Une Louisiade baroque
Véronique BERGEN, Requiem pour le roi. Mémoires de Louis II de Bavière, La Muette / Le bord de l’eau, 2011
« Si le pouvoir ne m’a jamais intéressé ni grisé, je le vénère pour la mise à l’écart des hommes qu’il implique et l’aura d’exception qu’il confère. Le seul pouvoir que je conçoive a l’éclat lisse du diamant et s’apparente davantage à l’orchestration du beau qu’au gouvernement de l’utile. » Ainsi parle Louis II de Bavière sous la plume de Véronique Bergen qui, pythie inspirée et possédée par ce prétendant au rayonnement apollinien, réinvente ses mémoires, ses phantasmes et ses folies.
Elle y met une force oraculaire qui doit autant au soufre des entrailles terrestres qu’à l’éclat de la divinité solaire. Plus de 230 pages d’une longue stance en forme de torrent baroque, élégiaque et lyrique. Le tout conçu comme une partie d’échecs, chaque chapitre débutant sur un type d’ouverture (indienne, espagnole, etc.) avec ses coordonnées chiffrées, censées annoncer ce qui sera. Jusqu’à l’échec et mat qui conclut ce Requiem pour le roi.
Sur les cases où noir et blanc donnent le ton des combats intérieurs, la cavalcade convulsive, furieuse parfois, multiplie les oxymores mentaux qui marient la lubricité la plus perverse aux rêves de lustrale virginité ou, comme dans l’amour sincère de Louis pour sa cousine Sissi, la sensualité exacerbée de l’esthète à la fatalité d’un désir autrement orienté. Reprochera-t-il assez à sa mère Marie de Hohenzollern de l’avoir fait naître avec, entre les jambes, cette chose qui nie sa féminité. Chemin faisant, on n’ignorera rien
de l’étrange façon dont il punit l’organe lors des délires sado-masochistes – aux « raffinements » imaginés sans relâche – qu’il partage avec ses amants : des valets choisis pour leur beauté et que son caprice porte aux nues ou disqualifie selon l’humeur du moment.
Quant à la bien-aimée Sissi, il la verra « revenue dans l’existence » lorsque « son corps trop léger s’est ancré dans un corps féminin ». Celui d’une écuyère de cirque nommée Élise Renz « aussi nerveuse et dansante qu’un pursang». Bien entendu ces mémoires d’un roi faufilent forcément l’Histoire et en l’occurrence les convulsions propres à cette époque où les monarchies sont largement remises en cause.
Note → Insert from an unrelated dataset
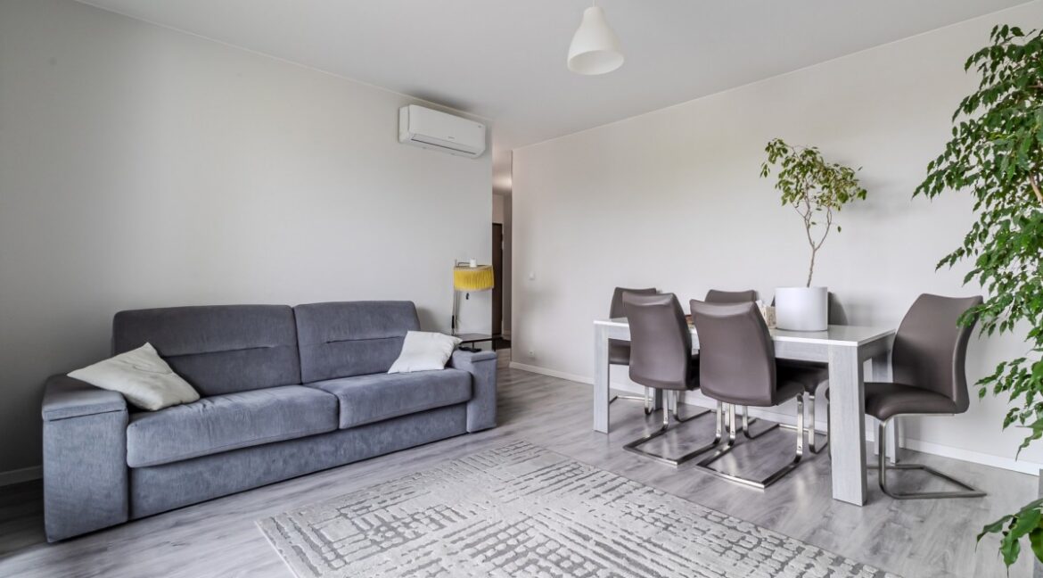 Do sprzedania przytulne i nowocześnie umeblowane dwupokojowe mieszkanie na nowym osiedluw Ursusie – Szamotach. Lokal o powierzchni 44,95 m2 mieści się na piątym piętrze (budynek z windą)i składa się z salonu z otwartą kuchnią przedzieloną miejscem do pracy lub spożywania posiłków, sypialni, przedpokoju oraz łazienki z wc. Mieszkanie, dotychczas jeszcze nigdy nie wynajmowane, posiada klimatyzację…

Et celle de Louis II en particulier dont la couronne de Bavière vacille sous la pression de la Prusse et du rêve d’unification de
Bismarck. Il faudra bien que le Roi-Fleur se soumette : « Pour rester Bavarois, dira-t-il, il faut devenir Allemand.» Ou encore : « Il n’est plus de place pour nous sur aucune page du livre de l’Histoire ; le règne des bourgeois et de l’argent, le règne maudit de l’or nous détrône ; l’aigle et le serpent de Zarathoustra font place au chameau sidérurgique, à l’araignée boursicotière (…) la fanfare des canons étouffe déjà la flûte enchantée. » Mais ce que veut l’Histoire, il l’encourage aussi par des excès ruineux, comme ces châteaux de légende qu’il transforme ou édifie à l’aune de sa démesure, ou ses dépenses en faveur du « divin » Richard Wagner, notamment pour la construction de son Festspielhaus de Bayreuth. Jusqu’à ce que la raison d’État du nouvel empire allemand et le rapport accablant des psychiatres condamnent le roi déchu à l’internement au château de Berg où se joue le dernier acte : la noyade énigmatique dans le lac de Starnberg de Louis et de son gardien-psychiatre von Gudden, dont Véronique Bergen entonne la version la plus romantique. Celle de la strangulation de von Gudden par Louis qui se noie ensuite alors qu’il tentait de fuir à bord d’une barque
mise secrètement à sa disposition par la fidèle Sissi.
Cela dit, il semble qu’il y ait deux bonnes façons de lire ce long poème pathétique et emporté, cette « Louisiade » baroque dédiée à un être de la marge (territoire que l’écriture coruscante de Véronique Bergen
hante volontiers pour ressusciter des ombres troublantes comme celles de Kaspar Hauser ou de Jean Genet). Soit – pour peu qu’on en ait le temps et l’endurance – en le clamant d’une traite et à voix haute à la façon d’un acteur shakespearien, soit en le consommant à petites doses, avec, sous peine d’ébriété, la
modération conseillée pour les boissons à fort degré d’alcool.